What is needed: From the listing below, please restate exactly the lines beginning at the one with "The City is" and ending at the one with "메타클래스는 공통 메타", both included, and skip the pictures.

Records provided:
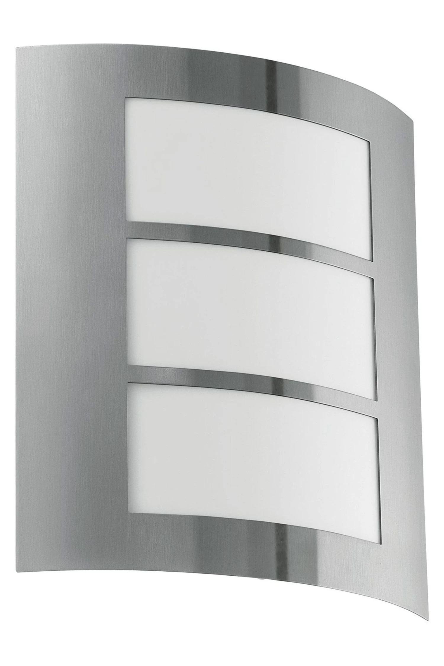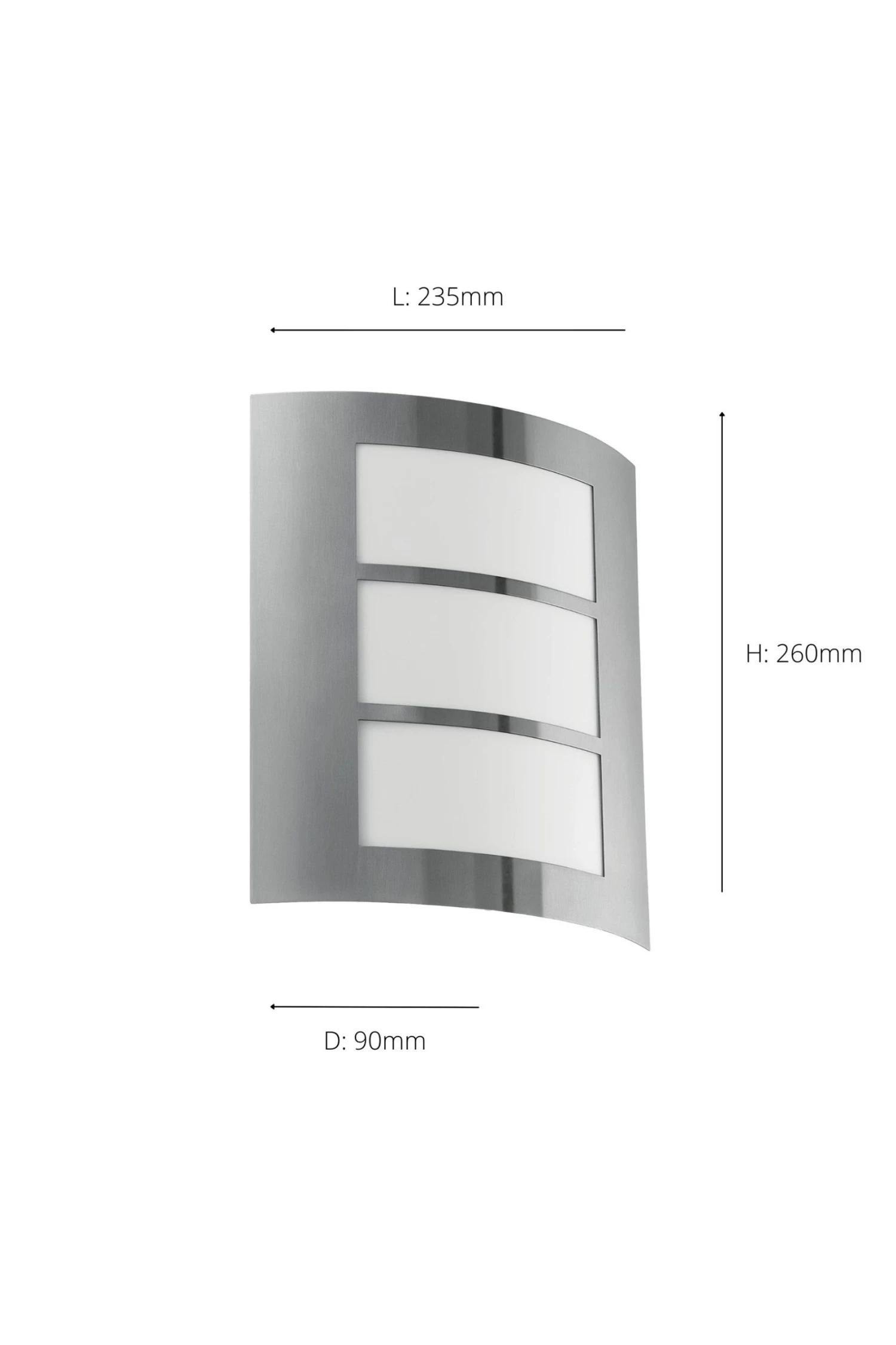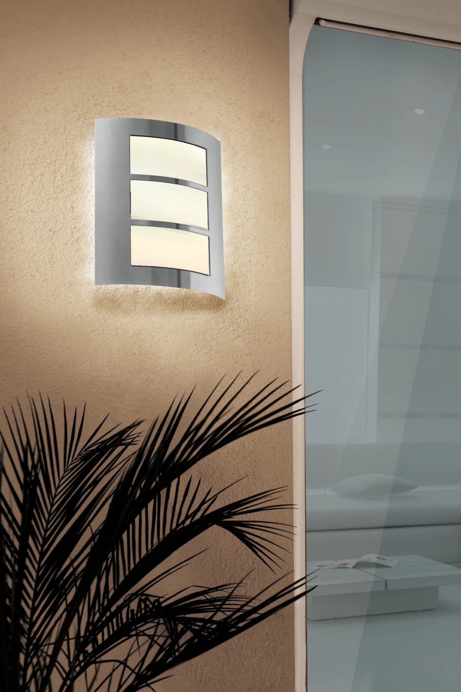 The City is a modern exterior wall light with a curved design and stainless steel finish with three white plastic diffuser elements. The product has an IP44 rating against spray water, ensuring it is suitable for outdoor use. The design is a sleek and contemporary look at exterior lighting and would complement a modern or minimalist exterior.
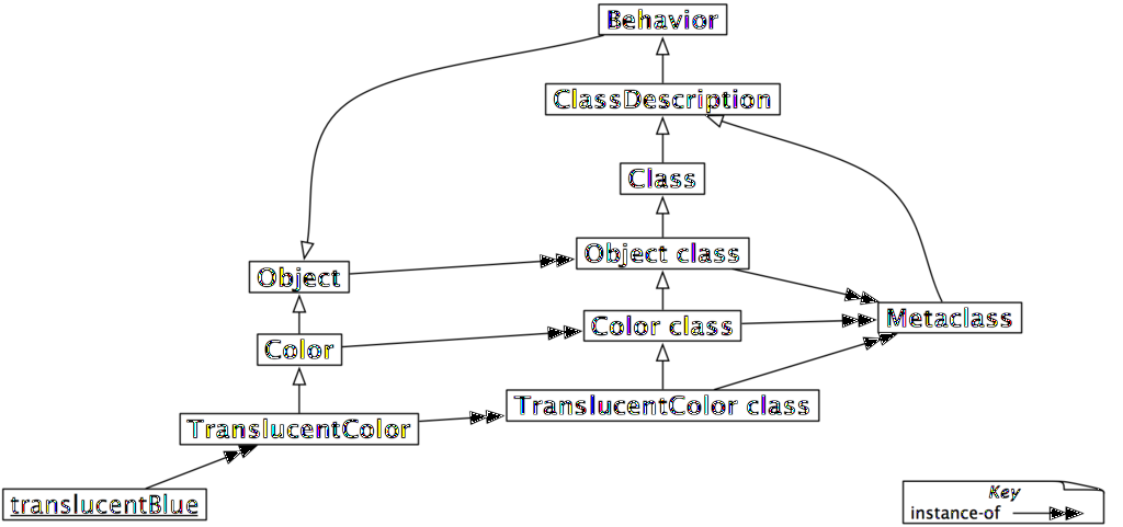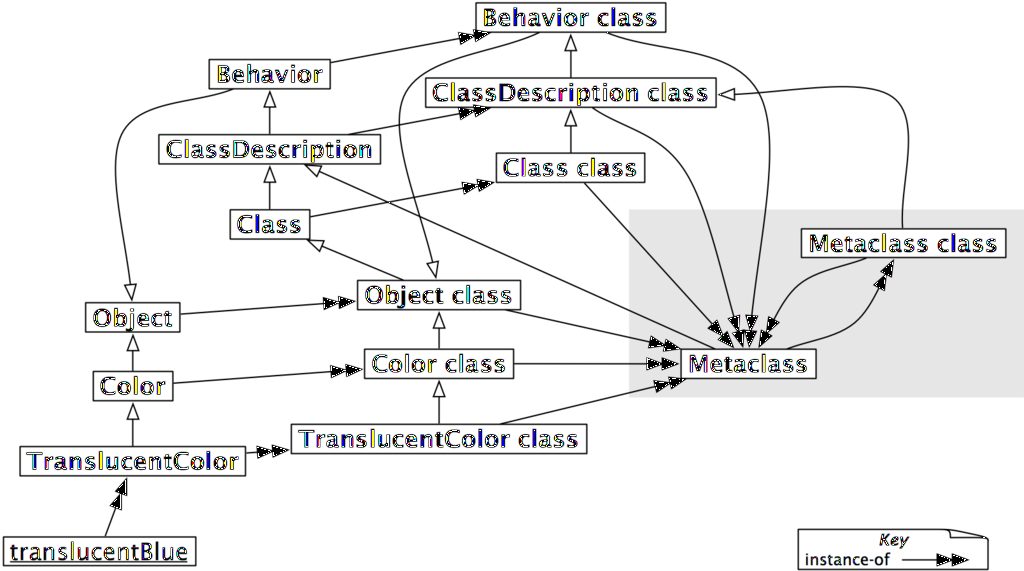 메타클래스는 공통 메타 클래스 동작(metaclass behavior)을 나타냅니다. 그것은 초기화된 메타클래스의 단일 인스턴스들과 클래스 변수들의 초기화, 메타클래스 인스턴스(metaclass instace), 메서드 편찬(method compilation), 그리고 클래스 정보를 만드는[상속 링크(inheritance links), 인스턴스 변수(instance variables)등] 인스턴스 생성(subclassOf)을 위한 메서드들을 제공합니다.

--

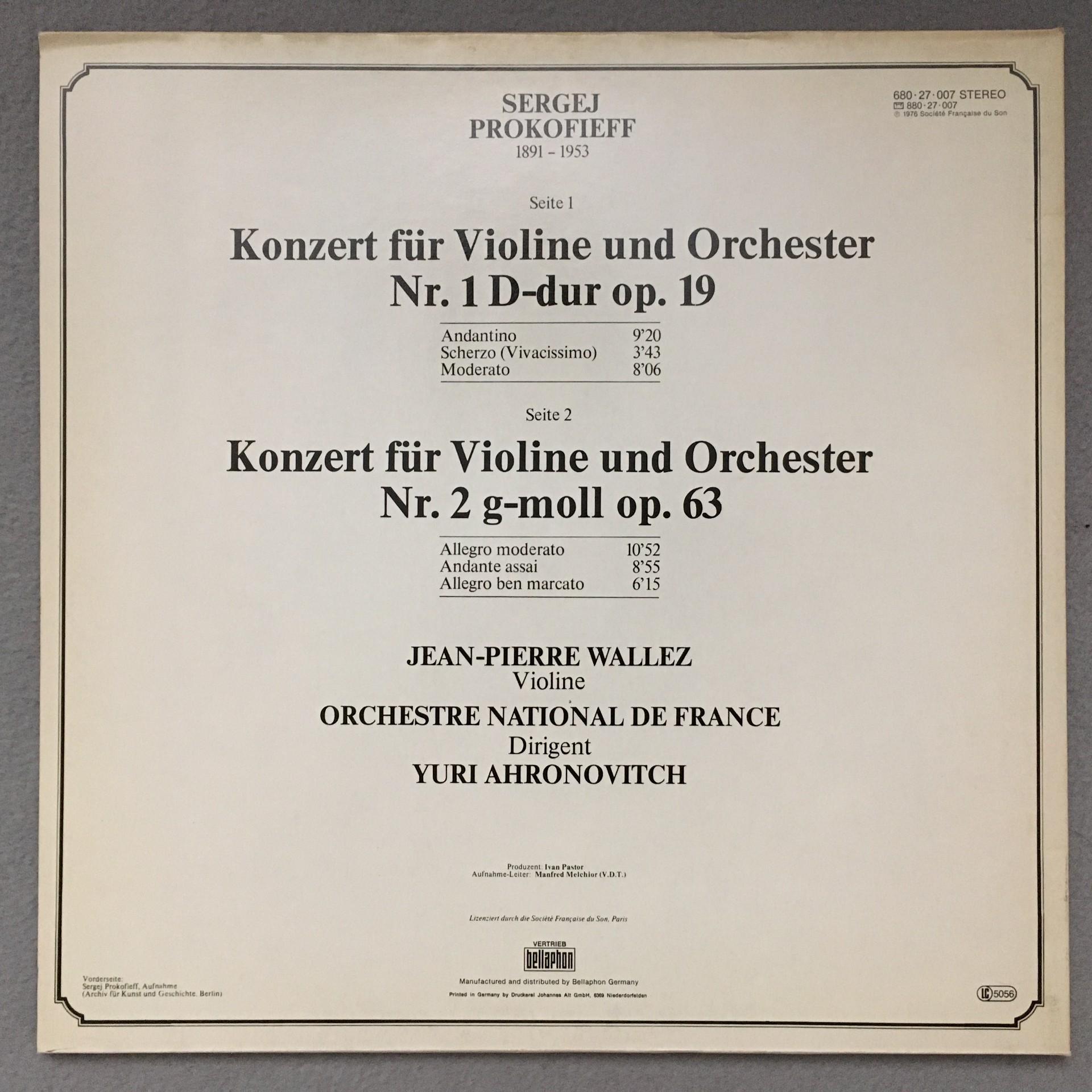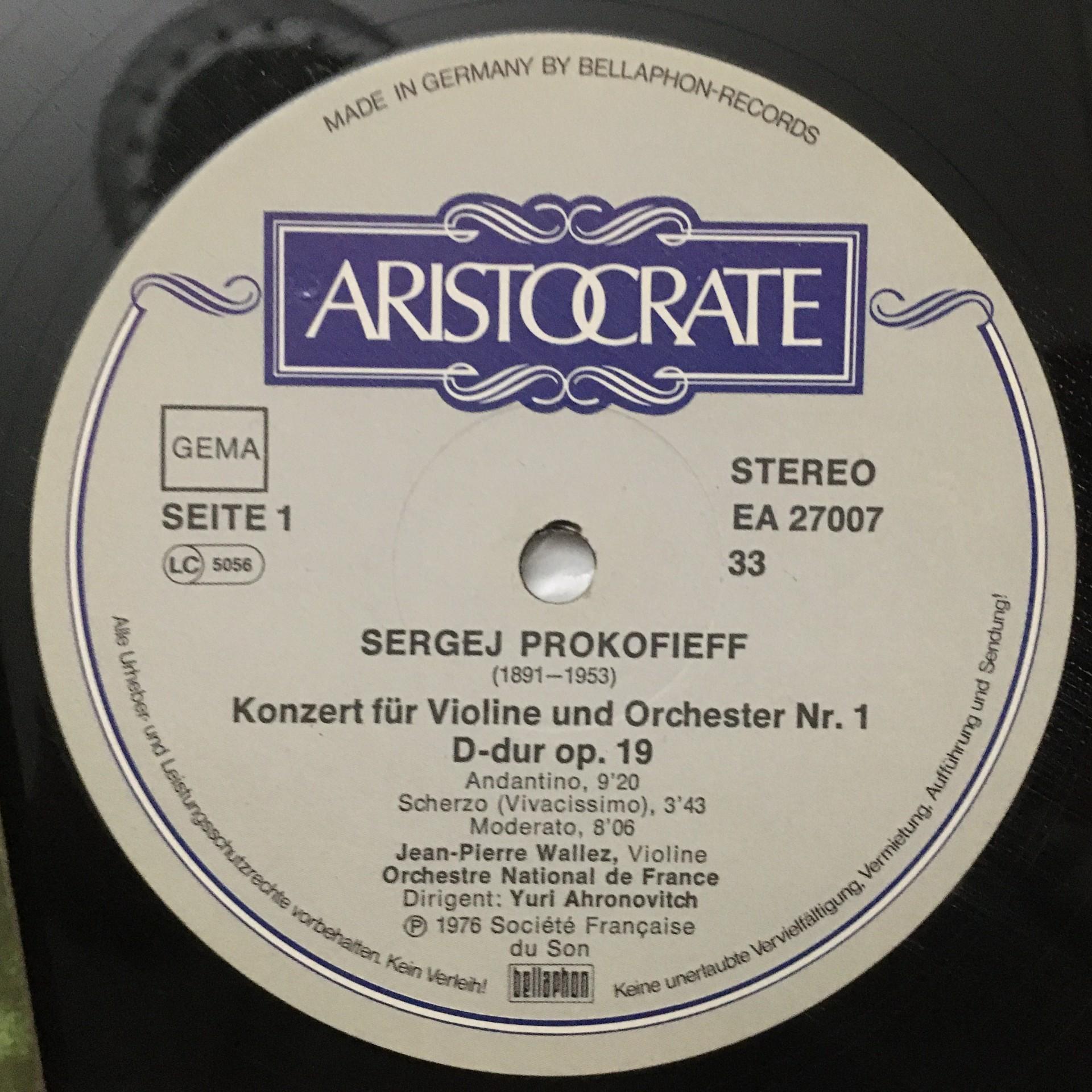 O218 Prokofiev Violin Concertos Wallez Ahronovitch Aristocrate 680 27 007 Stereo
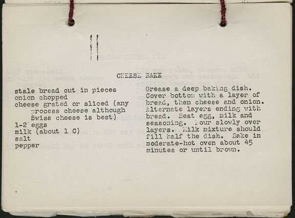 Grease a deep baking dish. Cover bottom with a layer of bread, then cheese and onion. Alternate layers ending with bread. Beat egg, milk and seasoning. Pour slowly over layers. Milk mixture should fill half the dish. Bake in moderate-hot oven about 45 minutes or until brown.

Reply to the exercise:
 The City is a modern exterior wall light with a curved design and stainless steel finish with three white plastic diffuser elements. The product has an IP44 rating against spray water, ensuring it is suitable for outdoor use. The design is a sleek and contemporary look at exterior lighting and would complement a modern or minimalist exterior.
 메타클래스는 공통 메타 클래스 동작(metaclass behavior)을 나타냅니다. 그것은 초기화된 메타클래스의 단일 인스턴스들과 클래스 변수들의 초기화, 메타클래스 인스턴스(metaclass instace), 메서드 편찬(method compilation), 그리고 클래스 정보를 만드는[상속 링크(inheritance links), 인스턴스 변수(instance variables)등] 인스턴스 생성(subclassOf)을 위한 메서드들을 제공합니다.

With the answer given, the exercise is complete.